Besides gastric cancer, Utidelone has also shown considerable potential for treating ovarian cancer in previous clinical studies. A US Phase I clinical study of UTD2 as a monotherapy for advanced solid tumors had 12 evaluable patients, including one ovarian cancer patient with a complete response (CR) and another with PR, who had previously undergone 7 and 9 lines of therapy, respectively [2]. A Phase II clinical study of UTD1 as monotherapy for the treatment of advanced solid tumors had 10 evaluable patients in advanced ovarian cancer cohort, among them there were 1 PR and 3 SD.

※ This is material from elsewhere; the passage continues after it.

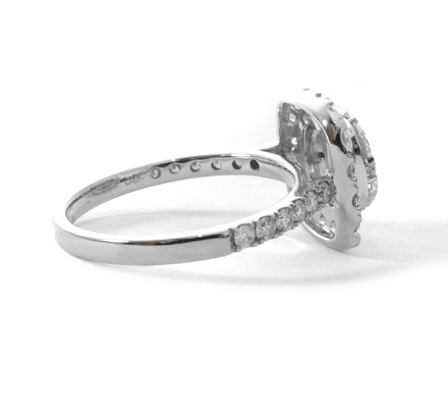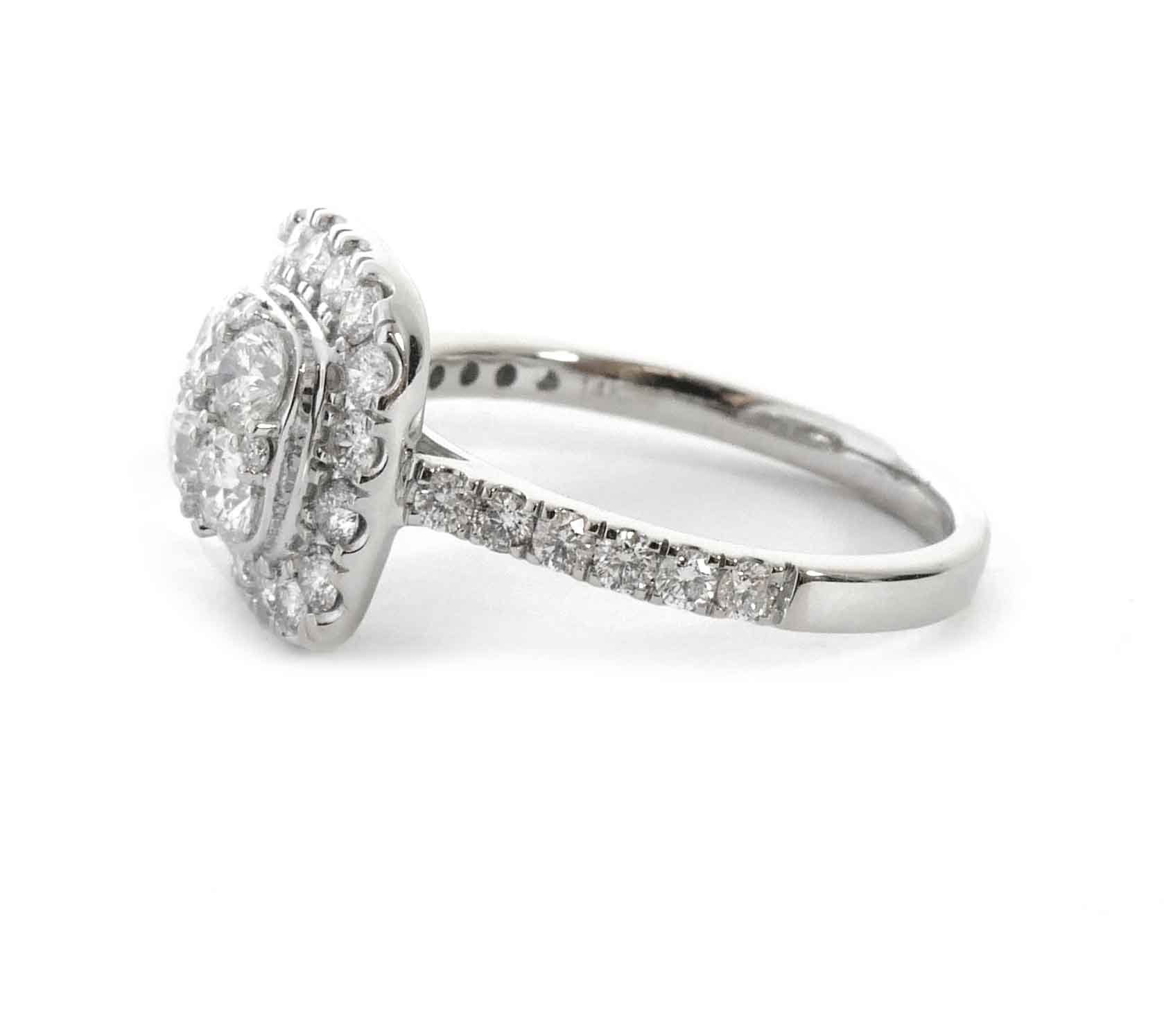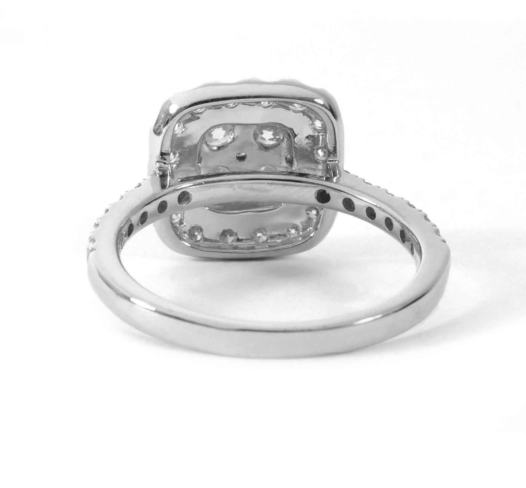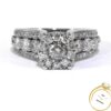 this beautiful engagement ring set holds a cluster of 1.50 carats of diamonds total, set into solid 14k white gold. There are 1.50 carats total of si1/g quality diamonds, with a cushion style halo setting for them to sit securely in.

Compared to taxanes, which are difficult for oral formulation development, Utidelone is not susceptible to P-glycoprotein thus cannot be pumped out of the cancer cell by P-glycoprotein and has the advantage for higher oral bioavailability and lower risk of developing cross-resistance. By utilizing its technology platform, Biostar developed Utidelone Capsule, and its efficacy and safety have been confirmed in both US and China’s studies. Utidelone Capsule will significantly improve the convenience of administration, compliance of patients, decrease in treatment cost and ease of combination therapy with other oral anti-cancer drugs, and more suitable for adjuvant or maintenance therapy. Beyond gastric and ovarian cancers, Biostar is actively planning and advancing multiple clinical studies to expand UTD2’s indications, including breast cancer adjuvant intensification therapy, pancreatic cancer, esophageal cancer, colorectal cancer, and so on.

About NCT06841679 Study

This study is a multi-national, open-label, randomized phase II/III clinical study of UTD2 combined with standard of care to evaluate the efficacy and safety in first-line patients with locally advanced or metastatic gastric or gastroesophageal junction adenocarcinoma, untreated with systemic treatment in the advanced setting. For the Phase II part, 78 subjects are planned to be enrolled in China, US, Europe and Japan. Its primary objectives are to evaluate the safety, efficacy, and pharmacokinetic profile of UTD2 in combination therapy. The Phase III part plans to enroll 700 subjects across multiple countries/regions. The primary endpoint is overall survival (OS), with secondary endpoints including PFS, ORR, and safety.

About NCT07044349 Study

This study is a multi-national, open-label, randomized Phase II/III clinical trial of UTD2 for the treatment of patients with platinum-resistant advanced epithelial ovarian, fallopian tube, or primary peritoneal cancer. The Phase II part plans to enroll approximately 84 subjects. Its primary objective is to evaluate the safety, efficacy, and pharmacokinetic (PK) characteristics of UTD2 under different dosing regimens in the target patient population and to recommend a dose for Phase III. The Phase III part plans to enroll 480 subjects and is planned to be conducted in multiple countries and regions worldwide. Its primary objective is to evaluate the efficacy and safety of UTD2 compared to the investigator’s choice of standard treatment in the target patient population. The primary endpoint is PFS, with secondary endpoints including OS, ORR, and others.

About Utidelone

Utidelone is a new-generation genetically engineered microtubule inhibitor, and has similar mechanism of action with that of taxanes while demonstrating multiple advantages, including better anti-tumor activity, broader anti-tumor spectrum, better safety profile with very low hematologic toxicity, effective against multidrug-resistant tumors, less prone to developing drug resistance, capability of crossing the blood-brain barrier to prevent and treat brain tumors, and high oral bioavailability. Biostar has developed two formulations of Utidelone: injection (UTD1) and capsule (UTD2). UTD1 has been launched in China in 2021 for the treatment of metastatic breast cancer (MBC), who have progressed after at least one anthracycline- or taxane-containing chemotherapy regimen. The phase III study data showed that UTD1 plus capecitabine achieved both PFS and OS benefits versus capecitabine for heavily pretreated MBC patients, and the results were orally presented twice at ASCO (Free ASCO Whitepaper) annual meetings and published in prestigious journals.